:: RECORDS FOR THE TASK

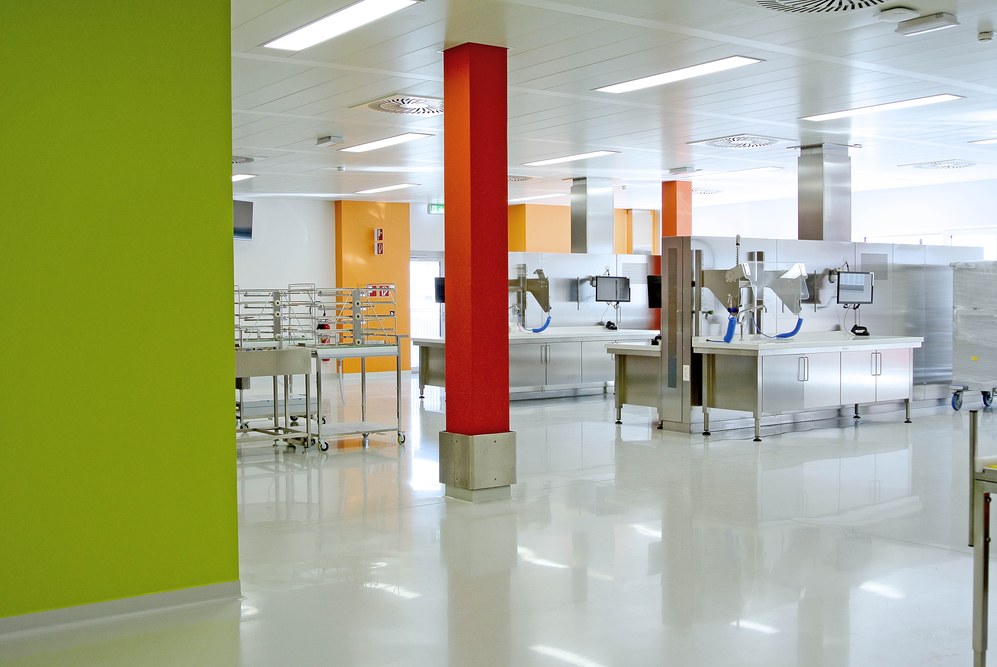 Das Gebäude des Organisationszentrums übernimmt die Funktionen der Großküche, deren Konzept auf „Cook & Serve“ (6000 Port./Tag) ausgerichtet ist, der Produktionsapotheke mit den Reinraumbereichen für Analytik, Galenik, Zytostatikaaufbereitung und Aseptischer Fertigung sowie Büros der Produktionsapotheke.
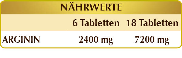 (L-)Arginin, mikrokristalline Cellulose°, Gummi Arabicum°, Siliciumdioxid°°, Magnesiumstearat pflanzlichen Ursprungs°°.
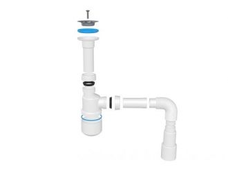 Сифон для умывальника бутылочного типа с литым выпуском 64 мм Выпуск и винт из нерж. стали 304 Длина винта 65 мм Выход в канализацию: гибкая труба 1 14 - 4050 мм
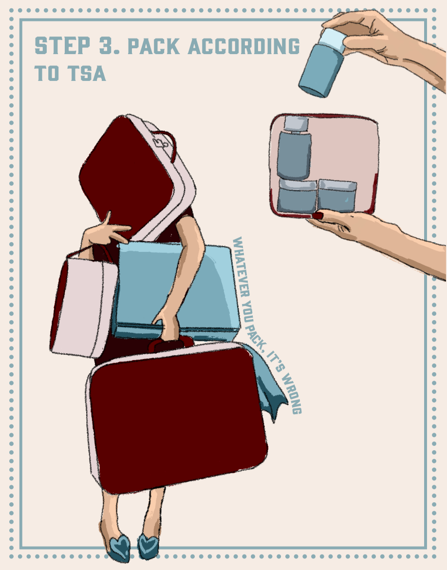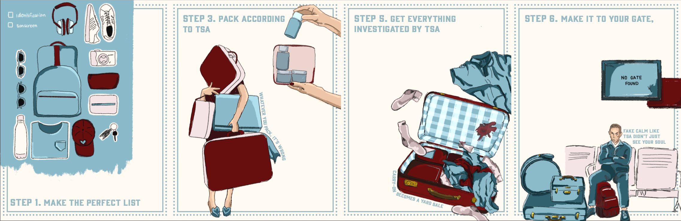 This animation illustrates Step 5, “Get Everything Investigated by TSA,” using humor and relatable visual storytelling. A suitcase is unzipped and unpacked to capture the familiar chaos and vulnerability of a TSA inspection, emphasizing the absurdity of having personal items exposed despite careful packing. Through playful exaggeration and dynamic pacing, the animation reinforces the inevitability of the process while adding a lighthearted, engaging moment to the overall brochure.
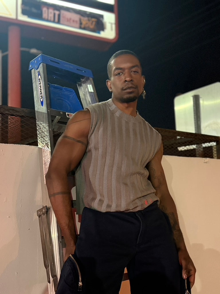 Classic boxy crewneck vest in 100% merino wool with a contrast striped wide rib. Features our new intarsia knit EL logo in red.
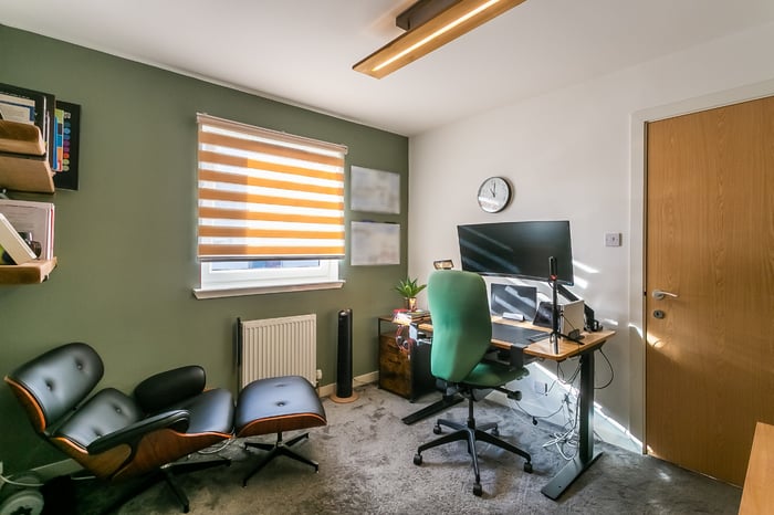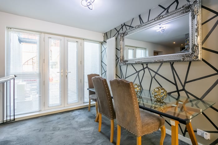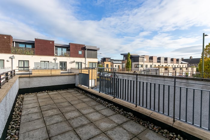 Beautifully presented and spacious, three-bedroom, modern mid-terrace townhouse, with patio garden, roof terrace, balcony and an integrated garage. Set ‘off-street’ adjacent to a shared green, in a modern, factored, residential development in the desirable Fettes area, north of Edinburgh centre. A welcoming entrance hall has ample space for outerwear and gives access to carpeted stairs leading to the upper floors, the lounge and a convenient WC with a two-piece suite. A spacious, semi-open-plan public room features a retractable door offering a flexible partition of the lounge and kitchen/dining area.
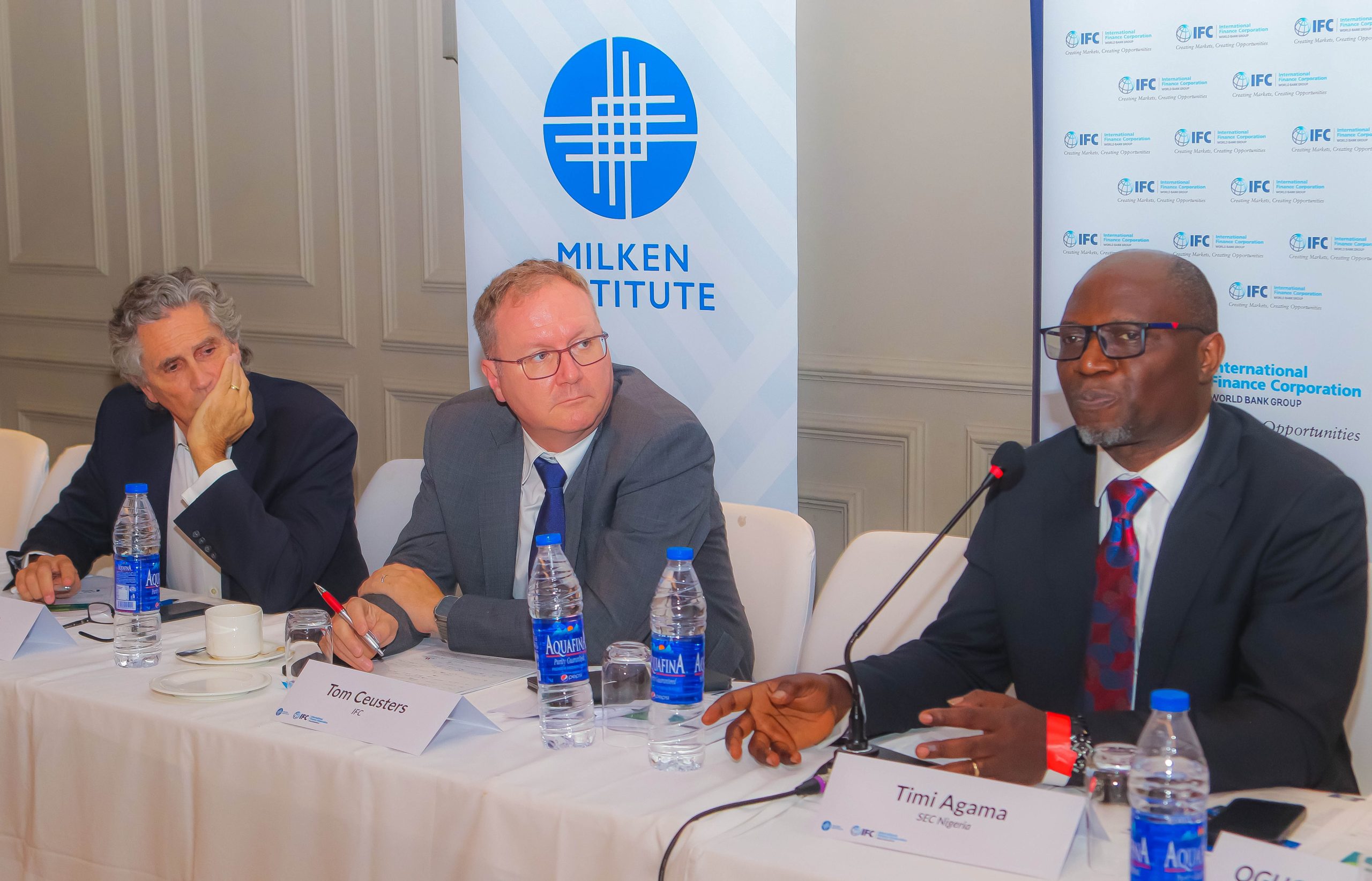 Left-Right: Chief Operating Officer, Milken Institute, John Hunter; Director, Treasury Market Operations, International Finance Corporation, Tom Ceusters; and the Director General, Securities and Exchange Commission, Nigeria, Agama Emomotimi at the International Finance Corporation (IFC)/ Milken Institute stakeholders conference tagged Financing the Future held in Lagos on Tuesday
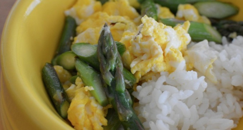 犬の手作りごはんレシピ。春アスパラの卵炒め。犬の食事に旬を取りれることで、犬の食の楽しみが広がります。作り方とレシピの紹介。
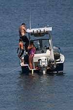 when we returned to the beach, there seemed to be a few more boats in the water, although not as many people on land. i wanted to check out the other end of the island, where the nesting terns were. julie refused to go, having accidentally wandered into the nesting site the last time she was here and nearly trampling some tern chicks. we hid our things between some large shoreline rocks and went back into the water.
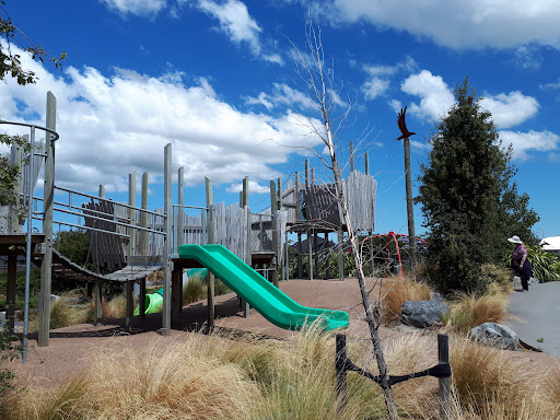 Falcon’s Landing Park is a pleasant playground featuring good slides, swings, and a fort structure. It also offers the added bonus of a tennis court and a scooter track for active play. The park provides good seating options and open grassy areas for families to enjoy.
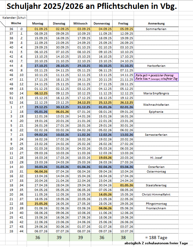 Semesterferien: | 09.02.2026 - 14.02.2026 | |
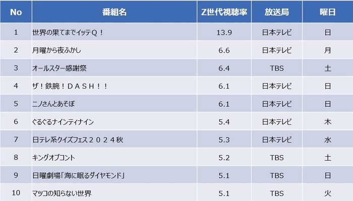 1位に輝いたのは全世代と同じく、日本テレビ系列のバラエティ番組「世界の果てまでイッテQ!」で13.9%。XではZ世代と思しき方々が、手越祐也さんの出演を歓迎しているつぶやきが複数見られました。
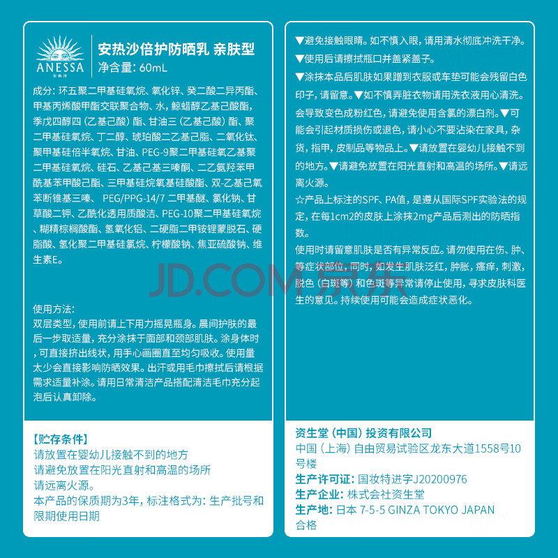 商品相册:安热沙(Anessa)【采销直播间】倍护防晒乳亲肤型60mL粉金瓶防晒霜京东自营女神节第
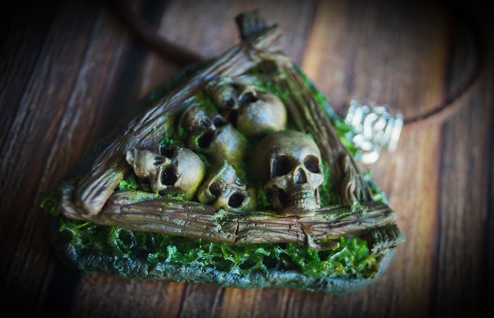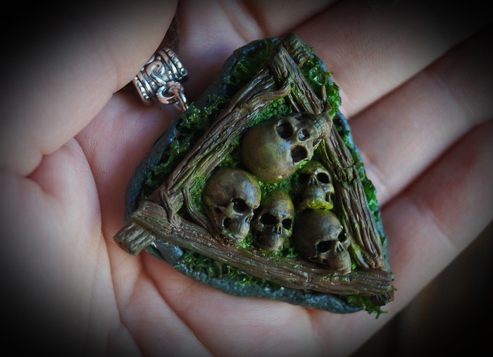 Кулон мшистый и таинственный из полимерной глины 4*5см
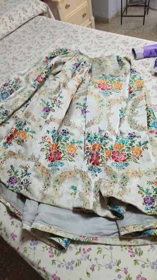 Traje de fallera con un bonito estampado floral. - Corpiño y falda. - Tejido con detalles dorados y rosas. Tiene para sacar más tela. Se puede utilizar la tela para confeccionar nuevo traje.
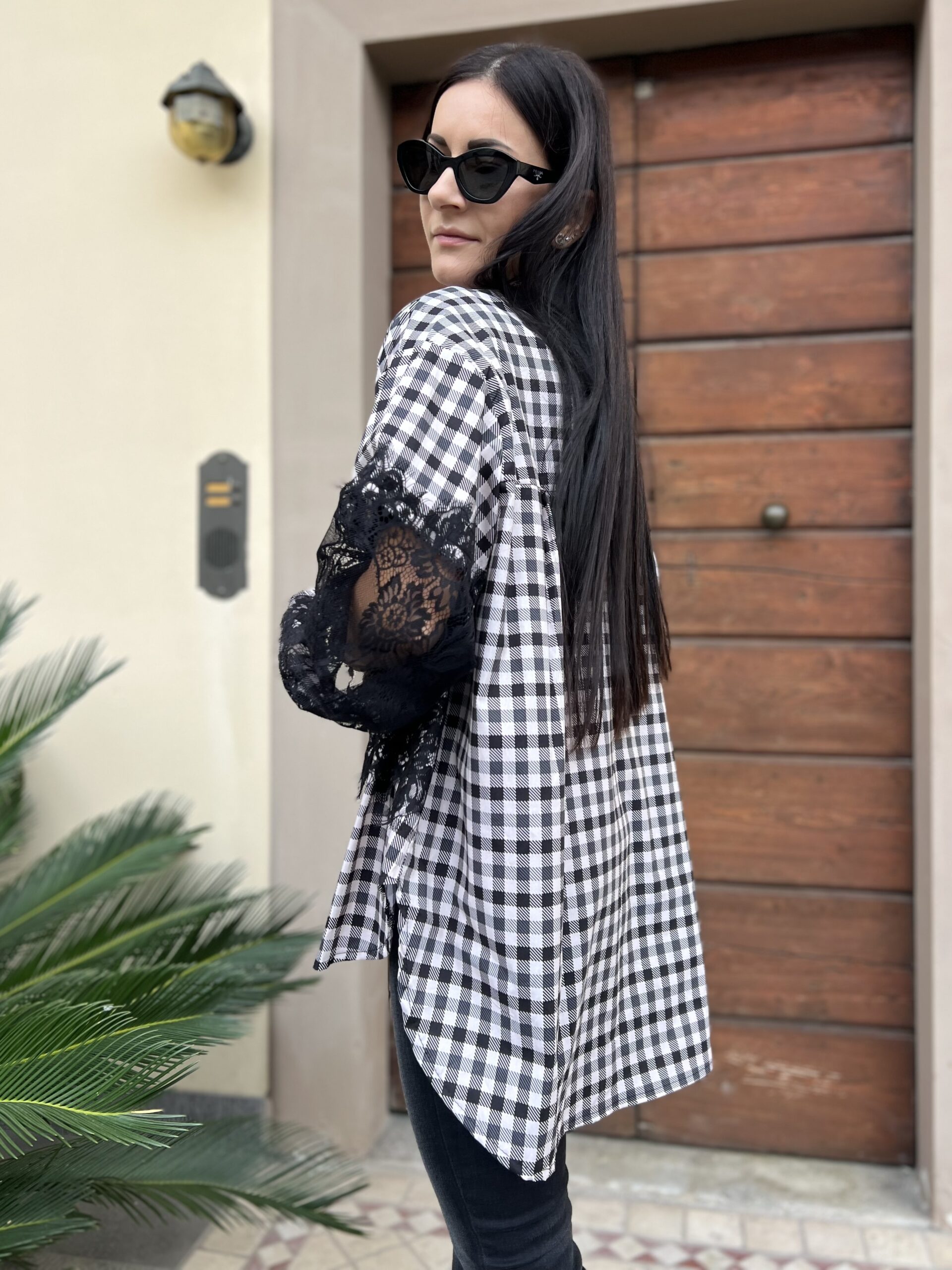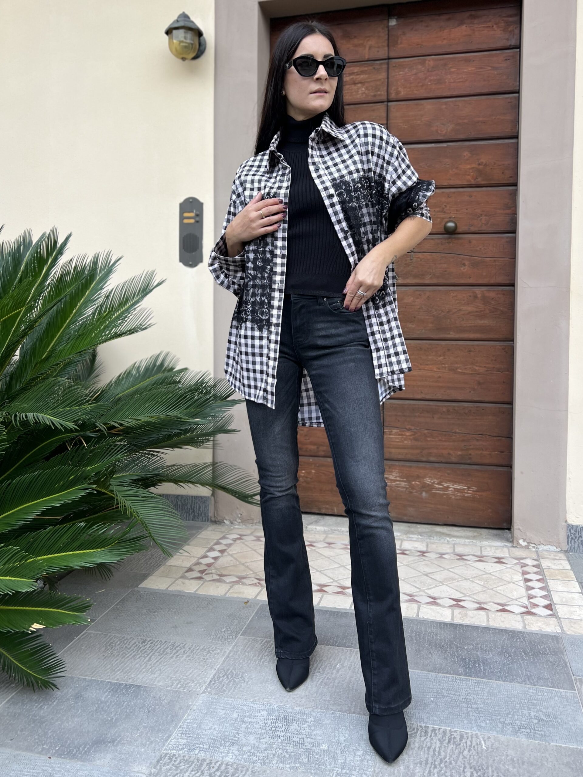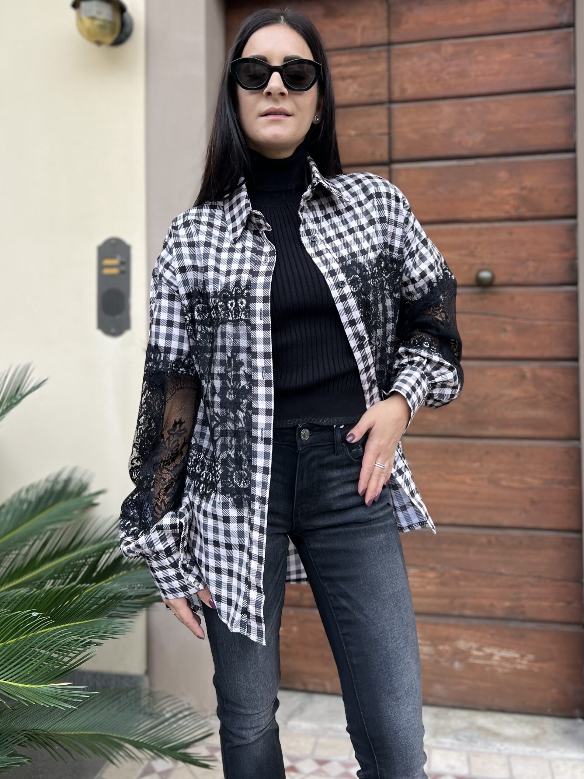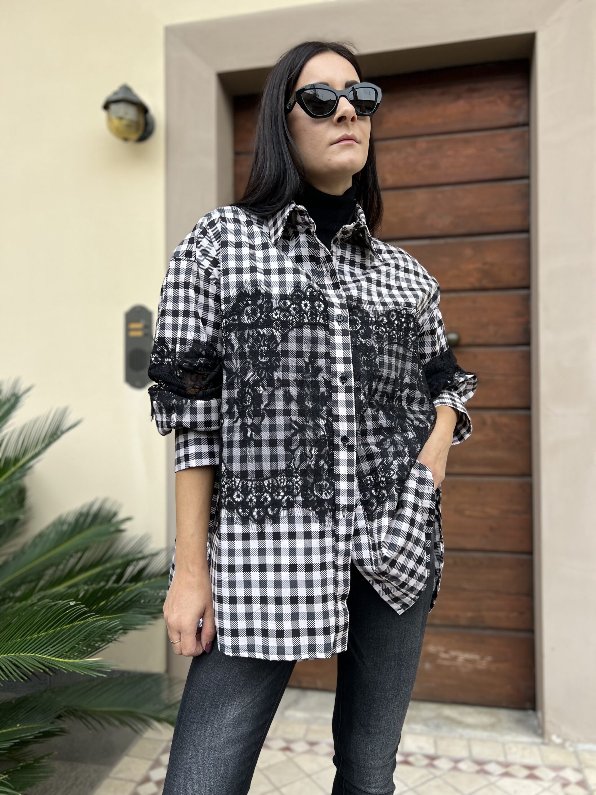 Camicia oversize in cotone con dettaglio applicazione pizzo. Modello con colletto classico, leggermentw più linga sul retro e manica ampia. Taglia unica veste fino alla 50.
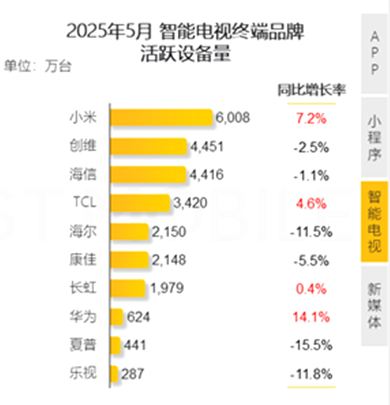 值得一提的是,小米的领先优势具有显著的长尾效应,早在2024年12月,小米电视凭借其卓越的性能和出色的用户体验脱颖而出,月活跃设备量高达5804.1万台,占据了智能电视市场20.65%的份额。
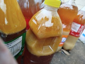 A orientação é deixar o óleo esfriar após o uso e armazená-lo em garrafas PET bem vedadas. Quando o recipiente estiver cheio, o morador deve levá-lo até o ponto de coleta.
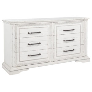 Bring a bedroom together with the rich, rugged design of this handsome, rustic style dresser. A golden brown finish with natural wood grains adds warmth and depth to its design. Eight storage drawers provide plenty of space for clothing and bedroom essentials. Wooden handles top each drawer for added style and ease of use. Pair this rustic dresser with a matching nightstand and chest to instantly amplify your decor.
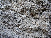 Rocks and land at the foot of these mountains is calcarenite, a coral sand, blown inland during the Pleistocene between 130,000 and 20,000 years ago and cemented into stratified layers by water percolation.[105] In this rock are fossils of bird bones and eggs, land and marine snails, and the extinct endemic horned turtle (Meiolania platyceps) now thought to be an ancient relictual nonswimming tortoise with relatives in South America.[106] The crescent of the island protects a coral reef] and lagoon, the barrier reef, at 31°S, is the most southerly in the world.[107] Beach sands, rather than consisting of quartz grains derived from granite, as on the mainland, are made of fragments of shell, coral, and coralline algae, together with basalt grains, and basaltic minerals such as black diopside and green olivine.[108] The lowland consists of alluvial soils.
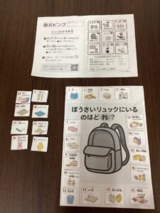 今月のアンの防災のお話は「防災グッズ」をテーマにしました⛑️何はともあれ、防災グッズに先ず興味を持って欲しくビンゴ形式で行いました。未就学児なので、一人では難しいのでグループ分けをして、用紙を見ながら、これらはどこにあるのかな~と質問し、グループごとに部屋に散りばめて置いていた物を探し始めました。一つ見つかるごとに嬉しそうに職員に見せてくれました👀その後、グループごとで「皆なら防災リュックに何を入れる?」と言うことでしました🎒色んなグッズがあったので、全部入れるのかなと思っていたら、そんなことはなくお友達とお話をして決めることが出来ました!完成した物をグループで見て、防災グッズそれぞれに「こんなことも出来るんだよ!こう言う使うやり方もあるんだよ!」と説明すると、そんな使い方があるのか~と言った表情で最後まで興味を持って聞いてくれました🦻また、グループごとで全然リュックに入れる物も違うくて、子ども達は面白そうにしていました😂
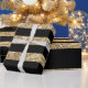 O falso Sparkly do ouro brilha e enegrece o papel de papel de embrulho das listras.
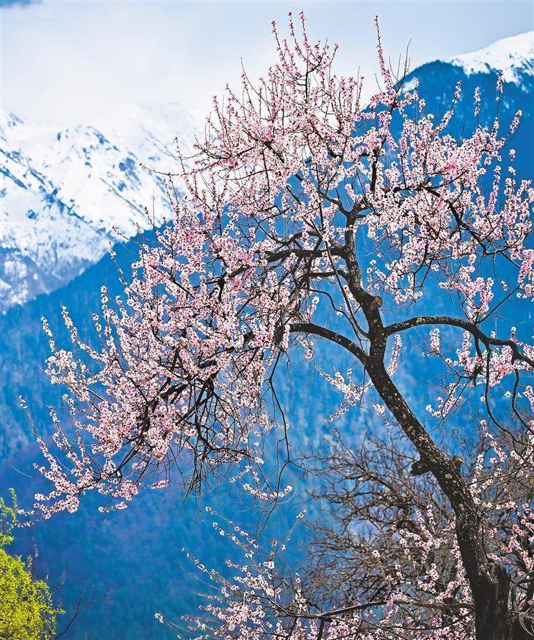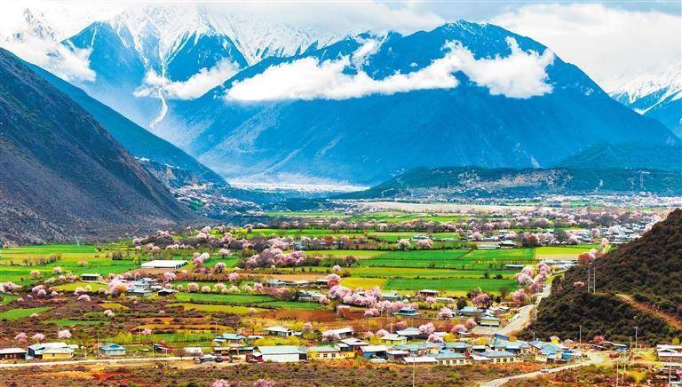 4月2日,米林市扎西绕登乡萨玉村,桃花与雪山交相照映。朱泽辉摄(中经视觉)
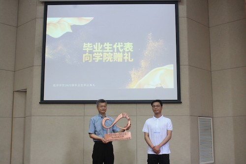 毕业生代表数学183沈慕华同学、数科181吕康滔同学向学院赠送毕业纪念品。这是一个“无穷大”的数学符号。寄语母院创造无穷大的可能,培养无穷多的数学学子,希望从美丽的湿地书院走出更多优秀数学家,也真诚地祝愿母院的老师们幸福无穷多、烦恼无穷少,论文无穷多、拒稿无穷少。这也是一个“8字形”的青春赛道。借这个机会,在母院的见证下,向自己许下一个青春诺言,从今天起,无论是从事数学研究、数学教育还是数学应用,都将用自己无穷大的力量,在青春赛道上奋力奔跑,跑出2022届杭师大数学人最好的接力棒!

::::

### EXERCISE GOAL
Word for word, retype the lines in the entries above that run from the one with "O falso Sparkly" through the one with "4月2日,米林市扎西绕登乡萨玉村,桃花与雪山交相照映。朱泽辉摄(中经视觉)". Both ends count; pictures do not.

### WRITTEN SOLUTION
 O falso Sparkly do ouro brilha e enegrece o papel de papel de embrulho das listras.
 4月2日,米林市扎西绕登乡萨玉村,桃花与雪山交相照映。朱泽辉摄(中经视觉)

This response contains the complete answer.